After partying frenziedly for two months before the New Year, stock markets might well need to take a breather in January.

On the face of it, momentum still looks robust. But a closer look shows investors gravitating toward last year’s laggards, an oft-observed January pattern. On the first trading day of 2024, telecoms and energy, alongside value stocks such as banks and autos, benefited from the rotation, while tech slid.

There are also reasons to be cautious on markets as a whole.

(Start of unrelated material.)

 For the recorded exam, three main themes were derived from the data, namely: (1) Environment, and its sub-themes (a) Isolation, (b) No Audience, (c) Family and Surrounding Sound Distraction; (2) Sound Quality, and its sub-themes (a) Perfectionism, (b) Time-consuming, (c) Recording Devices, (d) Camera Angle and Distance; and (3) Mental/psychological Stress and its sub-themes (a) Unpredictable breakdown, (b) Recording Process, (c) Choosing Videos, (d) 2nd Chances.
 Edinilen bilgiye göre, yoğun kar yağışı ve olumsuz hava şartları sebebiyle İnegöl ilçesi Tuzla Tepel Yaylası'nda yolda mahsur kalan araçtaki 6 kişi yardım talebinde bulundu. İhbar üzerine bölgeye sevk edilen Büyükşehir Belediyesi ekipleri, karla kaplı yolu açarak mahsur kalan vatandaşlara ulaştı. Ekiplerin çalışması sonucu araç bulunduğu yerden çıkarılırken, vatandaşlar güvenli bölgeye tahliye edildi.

Technically, global stocks have started the year in overbought territory, while Europe’s Stoxx 600 has been overbought for a record 20 sessions in a row, based on its 14-day RSI. And as our chart below shows, it’s repeatedly come up against resistance, failing yet again yesterday to breach a level that’s been unchallenged for two years. The index last broke above that barrier in January 2022, but the subsequent record high proved short-lived.



Given the recent rally was propelled by bets on big interest rate cuts, investors will probably want to make sure economic dataflow continues to back the case for aggressive policy easing. “Even if investors remain widely optimistic regarding the outcome for global economies this year, with decreasing inflation and recession fears, they will remain data dependent,” says Pierre Veyret, a technical analyst at ActivTrades.

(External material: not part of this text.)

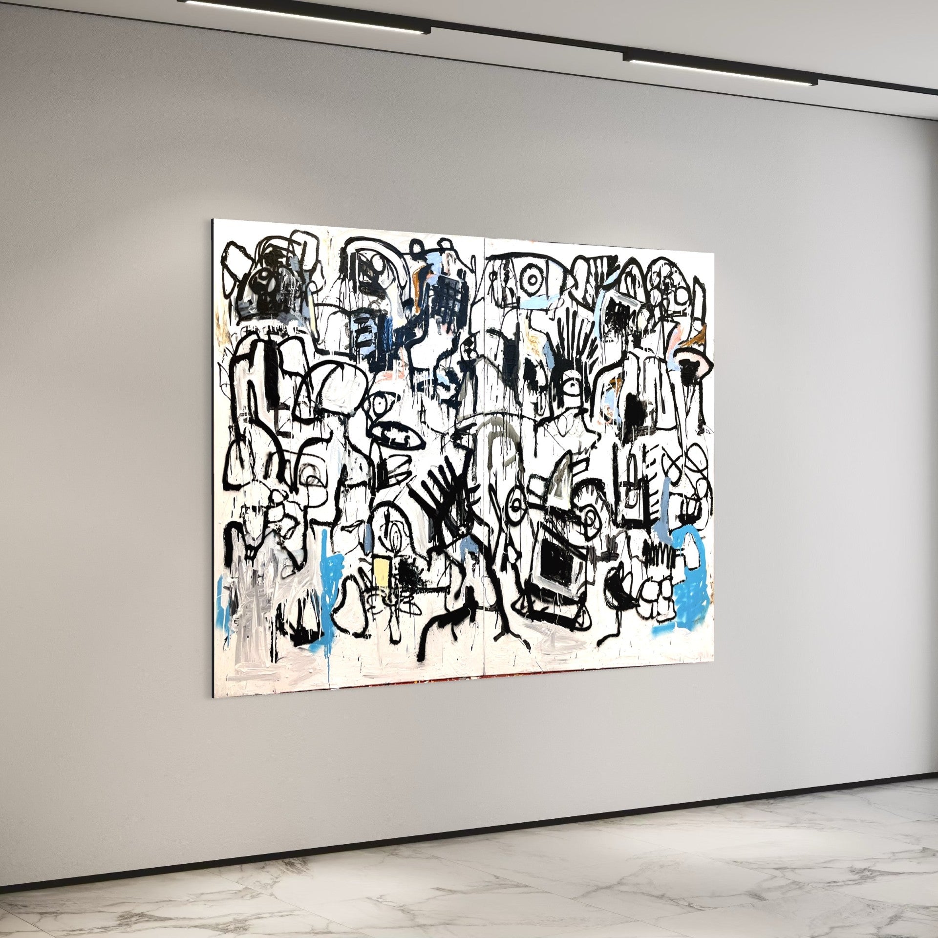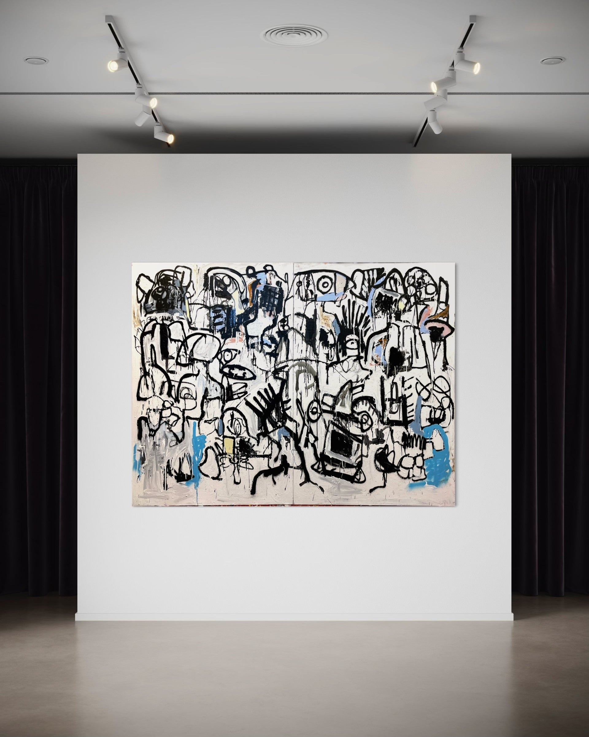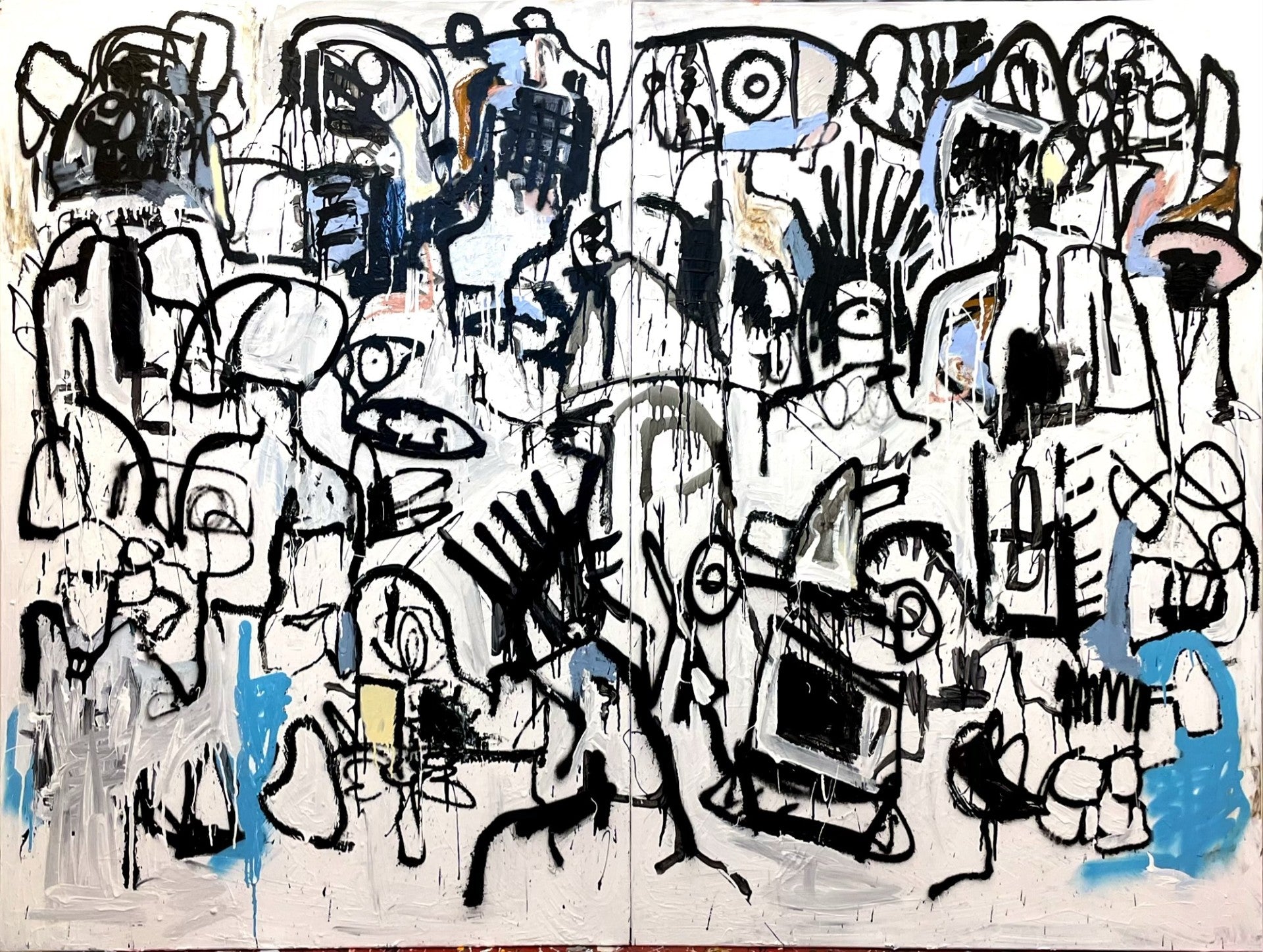 Oil, acrylic, pastels, and spray paint on canvas.

The rate-cut optimism faces a test Friday, with euro-area inflation forecast to show a small upward bump. And final PMI readings released yesterday confirmed manufacturing activity and new orders remain stuck in contraction — a stark contrast with buoyant stock markets.  

John Stoltzfus at Oppenheimer Asset Management, a big-time equity bull who correctly predicted last year’s S&P 500 surge, says “it’s not uncommon for markets to pause to digest a bull run of the magnitude experienced in the fourth quarter just ended.”

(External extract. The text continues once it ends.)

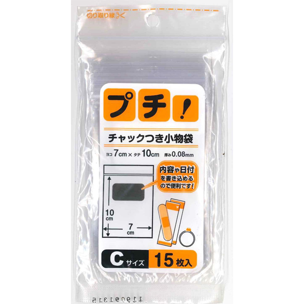 【ゆうパケット配送対象】[日本技研工業]プチ チャック付き 小物袋 透明 PS-C 15枚入(袋 ジップ チャック チャック付き 小分け 小分け袋)(ポスト投函 追跡ありメール便)
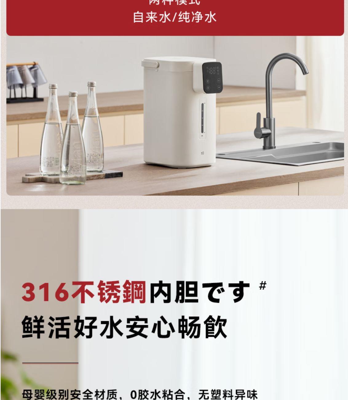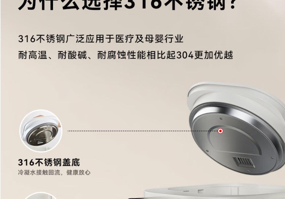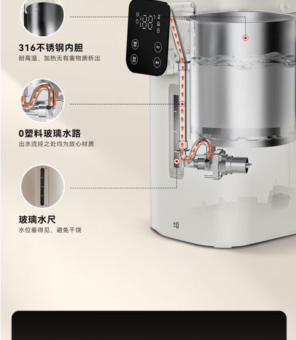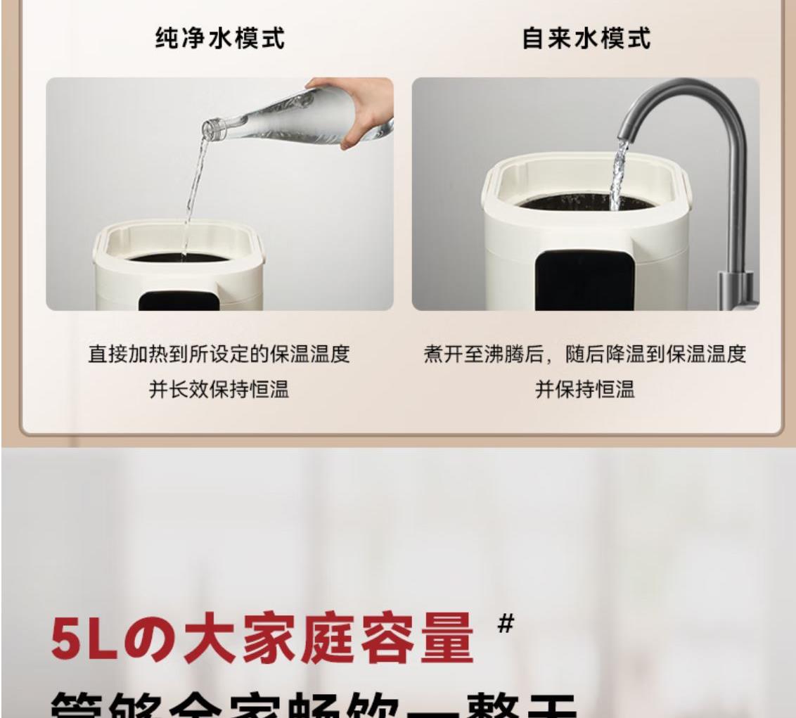 316 不锈钢内胆0,涂层 0 塑料 无异味 1600W 大功率真沸腾 两种模式,自来水 / 纯净水 11 段定温,满足全家冲饮需求 多重安全保护,童锁设计防烫伤 额定功率:1600W 温度设定:11 档 出水方式:电动 / 碰杯 水箱容量:5L 产品尺寸:199*305*312mm

Stoltzfus sees the earnings season — officially starting in the US on Jan. 12 — as the next catalyst for markets. Yet, earnings expectations are becoming less upbeat. For the Stoxx 600, 12-month blended EPS estimates have been sliding since October. Citi’s quantitative indicator of European earnings recently hit its lowest in a year, having been negative since September.

For European companies, “a combination of margin pressure across staples, industrials and financials, along with heavy exposure to China, create challenges for first half earnings,” Bloomberg Intelligence strategists Tim Craighead and Kaidi Meng write. They predict further negative revisions, compared with upgrades in the US.   

None of the above means people are turning gloomy. In fact, a January pause may be the prelude to further stock gains, according to Bank of America quantitative strategist Savita Subramanian. Her “Sell Side Indicator” (SSI), suggests equity sentiment is now the most bullish in over 18 months but remains stuck at neutral. That implies a 13.5% price return on the S&P 500 this year.

“Wall Street is now halfway over the wall of worry,” Subramanian writes, noting that while the average recommended equity allocation increased last year by 1.6 percentage points, it had dropped in 2022 by more 6 percentage points.